Edited by J. Simpson, University of Otago, New Zealand (Received 20 January 2021; accepted 25 January 2021; online 29 January 2021)

In the title compound, [Ni(C₂₀H₁₈Br₂N₂O₂)], the Ni^II ion is four-coordinated in a slightly distorted square-planar coordination geometry defined by two N atoms and two O atoms of the tetradentate dianionic 4,4′-dibromo-2,2′-[cyclohexane-1,2-diylbis(nitrilomethanylylidene)]diphenolato ligand. Pairs of complex molecules are assembled by intermolecular C—H⋯O hydrogen bonds with d(C⋯O) = 3.247 (4) Å.

Keywords: crystal structure; nickel(II) complex; square-planar structure; Schiff base ligand.

CCDC reference: 2058387

Structure description

With reference to the title compound, [Ni(saldach)] (saldach = 4,4′-dibromo- 2,2′-[cyclohexane-1,2-diylbis(nitrilomethanylylidene)]diphenolato), the crystal structures of the tetradentate Schiff base (H₂-saldach) ligand (Yi & Hu, 2009 ; Ha, 2012 ), and related saldach–metal complexes [Cu(saldach)] (Tohidiyan et al., 2017 ) and [Zn(saldach)(pyridine)] (Szłyk et al., 2005 ) have been determined previously.

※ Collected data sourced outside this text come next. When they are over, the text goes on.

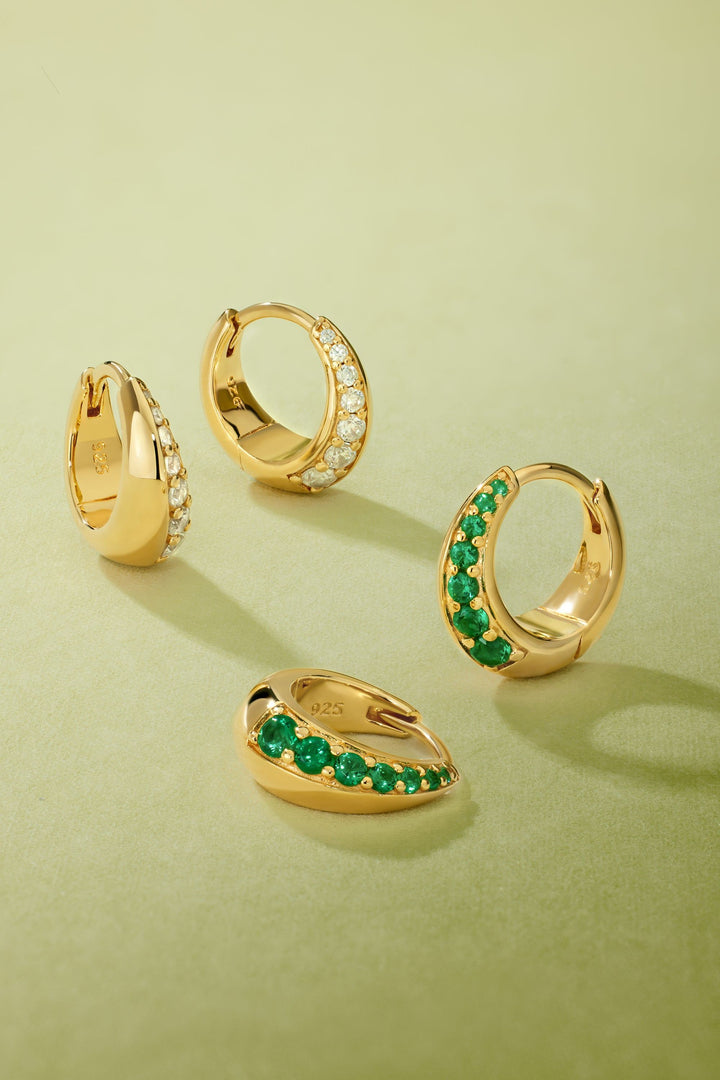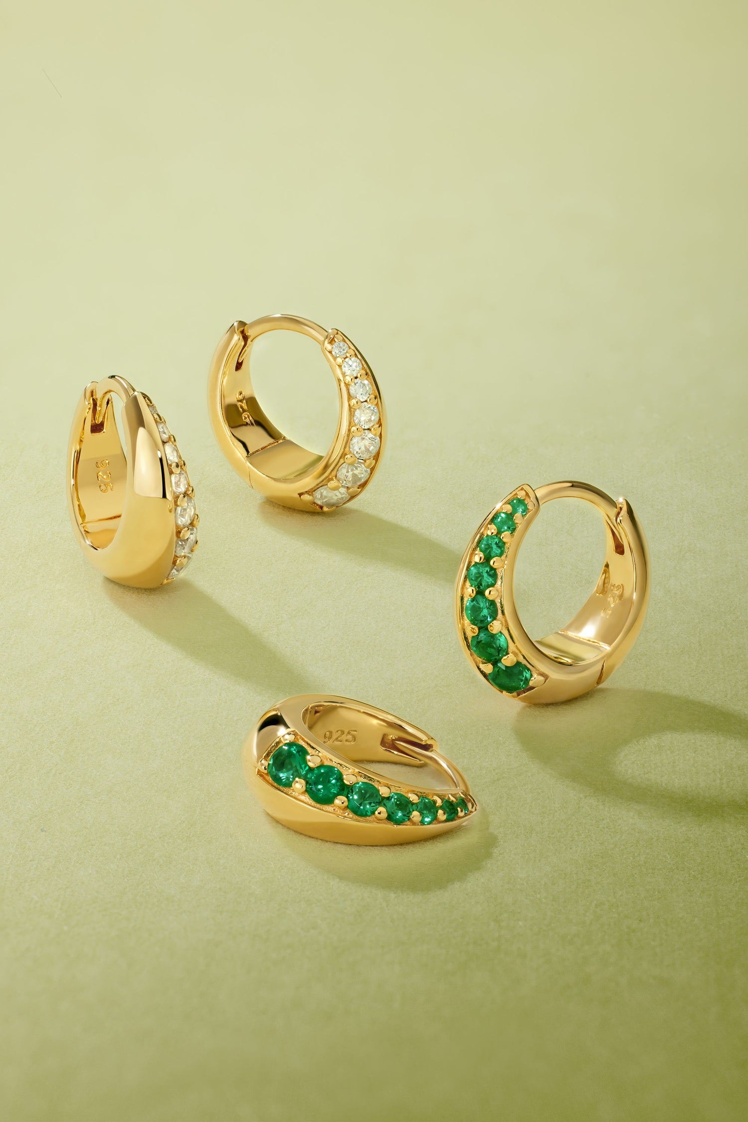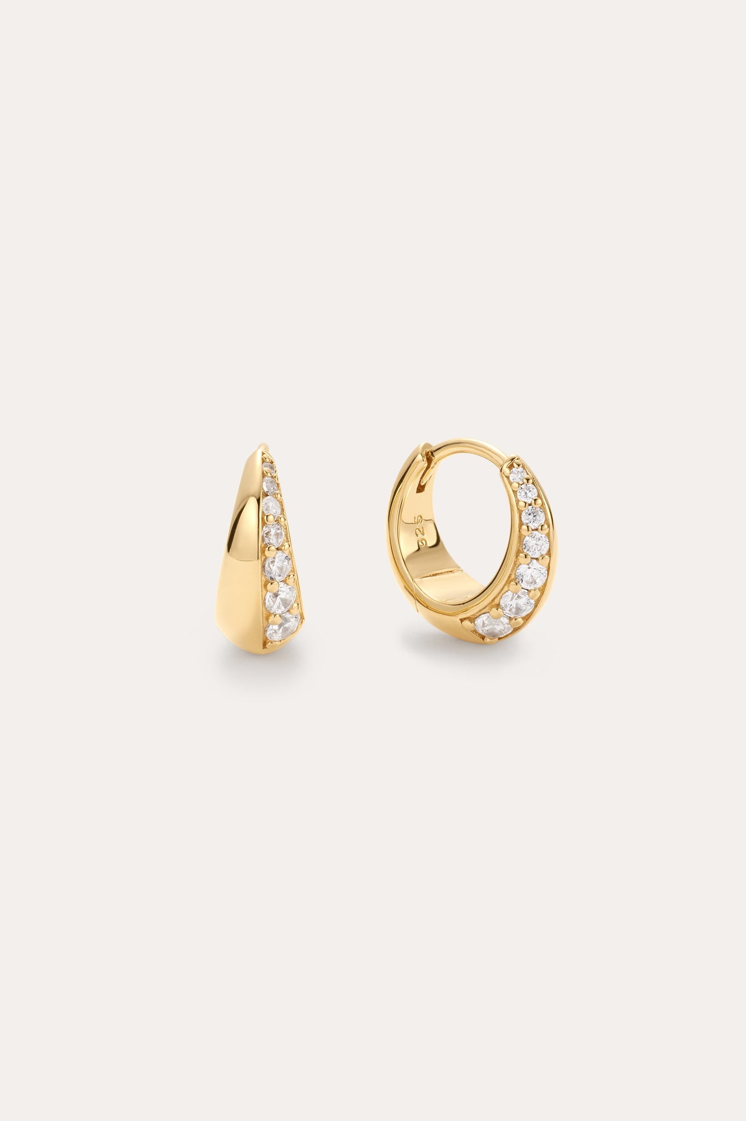 These huggie hoop earrings are crafted from 18k gold-plated sterling silver and feature 6A-grade cubic zircon. They have a knife-edge design.
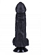 Черный вибратор-реалистик на присоске №26 с проводным пультом - 19,5 см.
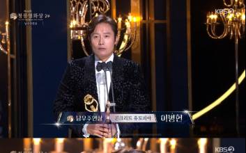 배우 이병헌이 ‘제44회 청룡영화상’ 남우주연상의 주인공이 됐다.‘제44회 청룡영화상’이 24일 오후 서울시 영등포구 KBS홀에서 개최됐다. 김혜수, 유연석이 MC를 맡았다.남우주연상 후보에는 ‘더 문’ 도경수, ‘올빼미’ 류준열, ‘거미집’ 송강호, ‘달짝지근해: 7510’ 유해진, ‘콘크리트 유토피아’ 이병헌이 이름을 올렸다.이날 이병헌은 “‘콘크리트 유토피아’를 만들어준 엄태화 감독님의 수상을 축하하고 감사하다. 한여름에 고생 많았던 스태프들과 열연을 펼친 김선영, 박보영, 박서준을 비롯한 많은 배우에게 감사하다”며 소감을 밝혔다.이어 “영화를 하는 사람이라면 ‘청룡영화상’은 한 번쯤 받아보고 싶은 상이다. 권위 있고 공정한 시상식이라고 생각하는 데 내 손에 트로피가 들려있는 것을 보니까 정말 공정하다는 생각이 든다”며 너스레를 떨었다.그러면서 “다음 달에 둘째가 태어난다. 태명을 ‘버디’라고 지었다”며 “집에서 지켜보고 있을 이민정과 ‘버디’, 모두와 영광을 함께 하겠다. 나이스 버디”라고 외쳤다.이세빈 기자 sebi0525@edaily.co.kr
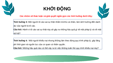 Các nhóm sẽ thảo luận và giải quyết ngắn gọn các tình huống dưới đây:
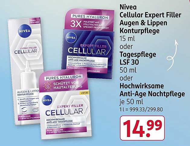 Sehen Sie sich jetzt das Nivea Cellular Expert Filler Augen & Lippen Konturpflege 15 ml oder Tagespflege LSF 30 50 ml oder Hochwirksame Anti-Age Nachtpflege je 50 ml Angebot im Rossmann Prospekt an. Dieses Angebot ist gültig von 13.10.2025 bis 17.10.2025.
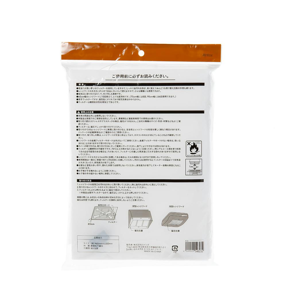 ・本来の用途以外に使用しないでください。・フィルターは難燃性の不織布ですが、70℃以上の熱が当たらないようご注意ください。特にアルコール類を使う料理で炎の出る可能性のある場合は、穴があいたり、フィルターに付着した飛沫油に引火する恐れがありますので使用しないで
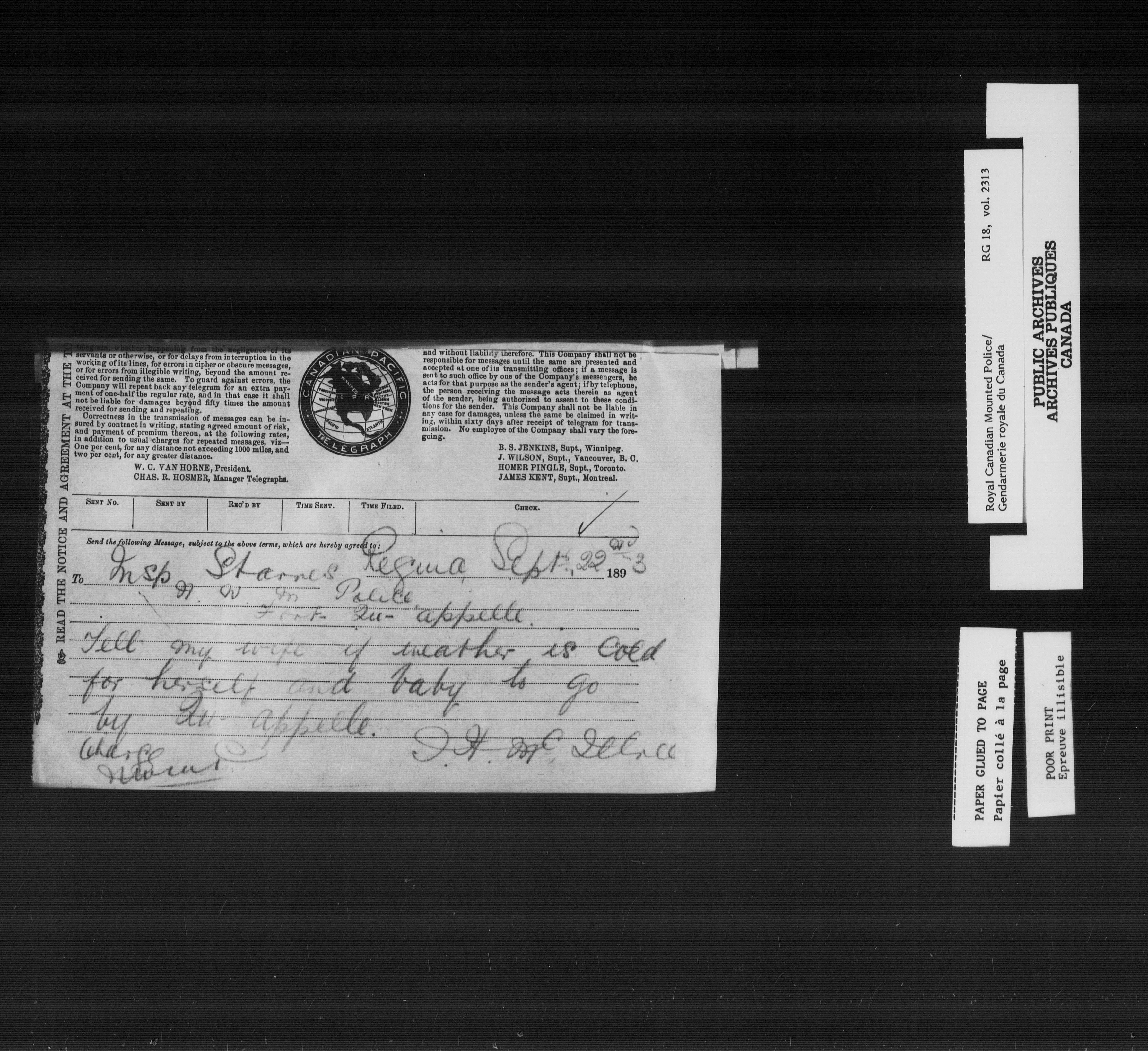 Northwest Mounted Police : Telegrams of the Commissioner's Office, 1882-1919 - 6972
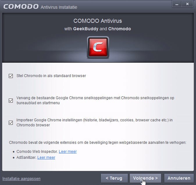 Lastige vragen tijdens de installatie van Comodo Antivirus.

In the title complex, the central Ni^II cation is four-coordinated in a slightly distorted square-planar coordination geometry defined by the N1, N2, O1 and O2 atoms of the tetradentate dianionic saldach ligand (Fig. 1). The tight N—Ni—N and N—Ni—O chelating angles of <N1—Ni1—N2 = 86.13 (10)°, <N1—Ni1—O1 = 94.64 (10)° and <N2—Ni1—O2 = 95.02 (10)° form the square-plane. The Ni—N and Ni—O bonds are almost equal [1.844 (2)–1.858 (2) Å] and the nearly planar benzene rings of the saldach ligand are slightly twisted with a dihedral angle of 2.9 (2)° between them. The dihedral angles between the least-squares plane [maximum deviation = 0.066 (1) Å] of the Ni square-plane (Ni1/O1/O2/N1/N2) and the benzene rings are 7.2 (2) and 4.4 (2)°, respectively. In the crystal structure (Fig. 2), pairs of complex molecules are assembled by intermolecular C—H⋯O hydrogen bonds (Table 1). In addition, the complex displays several intermolecular π–π interactions between adjacent benzene rings. For Cg1 (the centroid of ring C8–C13) and Cg2ⁱ [the centroid of ring C15—C20; symmetry code: (i) −x + 1, −y + 1, −z + 1], the centroid–centroid distance is 4.081 (2) Å and the dihedral angle between the ring planes is 2.9 (1)°.

Table 1
Hydrogen-bond geometry (Å, °)

D—H⋯A	D—H	H⋯A	D⋯A	D—H⋯A
C2—H2⋯O2ⁱ	0.99	2.36	3.247 (4)	149
Symmetry code: (i) .

Figure 1
The molecular structure of the title compound showing the atom labelling and displacement ellipsoids drawn at the 50% probability level for non-H atoms.

Figure 2
The packing in the crystal structure of the title compound, viewed approximately along the a axis. Hydrogen-bonding interactions are drawn as dashed lines.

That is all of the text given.